What you need to do: Extract the full listing verbatim and drop any pictures from your copy.

Input data:
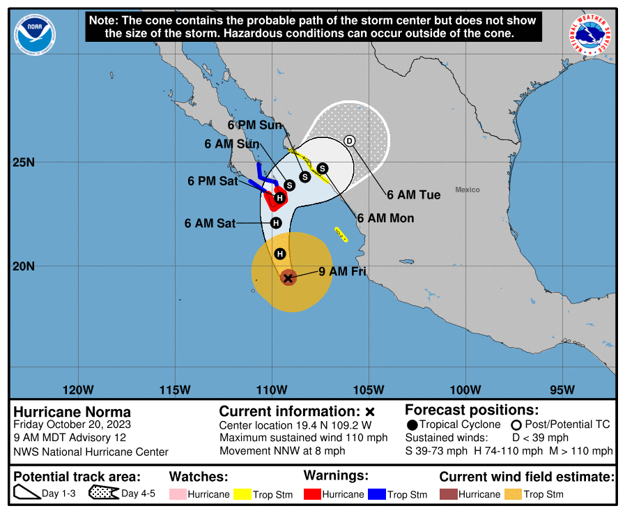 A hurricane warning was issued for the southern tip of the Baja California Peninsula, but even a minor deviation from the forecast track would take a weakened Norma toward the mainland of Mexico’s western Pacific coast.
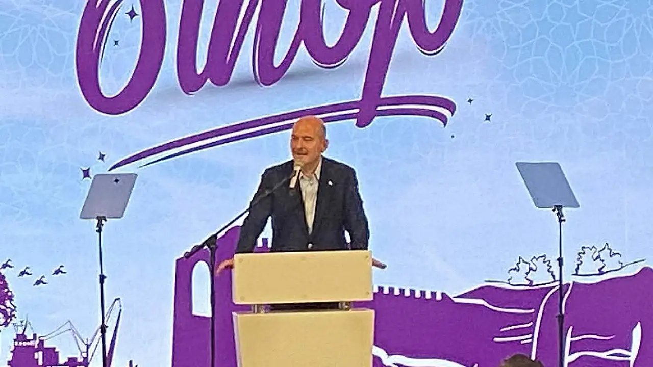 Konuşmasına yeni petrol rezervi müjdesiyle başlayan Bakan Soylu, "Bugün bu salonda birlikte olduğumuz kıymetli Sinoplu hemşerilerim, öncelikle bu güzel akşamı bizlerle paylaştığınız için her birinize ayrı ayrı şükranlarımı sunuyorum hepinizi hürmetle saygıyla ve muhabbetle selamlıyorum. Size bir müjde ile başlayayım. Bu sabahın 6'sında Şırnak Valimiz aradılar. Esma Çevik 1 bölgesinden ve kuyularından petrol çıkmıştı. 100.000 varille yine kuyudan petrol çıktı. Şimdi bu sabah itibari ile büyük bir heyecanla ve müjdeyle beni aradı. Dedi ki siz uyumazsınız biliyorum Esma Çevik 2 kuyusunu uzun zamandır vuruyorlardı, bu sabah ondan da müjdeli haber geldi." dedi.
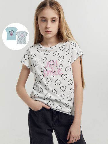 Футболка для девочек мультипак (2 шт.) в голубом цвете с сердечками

Written response:
 A hurricane warning was issued for the southern tip of the Baja California Peninsula, but even a minor deviation from the forecast track would take a weakened Norma toward the mainland of Mexico’s western Pacific coast.
 Konuşmasına yeni petrol rezervi müjdesiyle başlayan Bakan Soylu, "Bugün bu salonda birlikte olduğumuz kıymetli Sinoplu hemşerilerim, öncelikle bu güzel akşamı bizlerle paylaştığınız için her birinize ayrı ayrı şükranlarımı sunuyorum hepinizi hürmetle saygıyla ve muhabbetle selamlıyorum. Size bir müjde ile başlayayım. Bu sabahın 6'sında Şırnak Valimiz aradılar. Esma Çevik 1 bölgesinden ve kuyularından petrol çıkmıştı. 100.000 varille yine kuyudan petrol çıktı. Şimdi bu sabah itibari ile büyük bir heyecanla ve müjdeyle beni aradı. Dedi ki siz uyumazsınız biliyorum Esma Çevik 2 kuyusunu uzun zamandır vuruyorlardı, bu sabah ondan da müjdeli haber geldi." dedi.
 Футболка для девочек мультипак (2 шт.) в голубом цвете с сердечками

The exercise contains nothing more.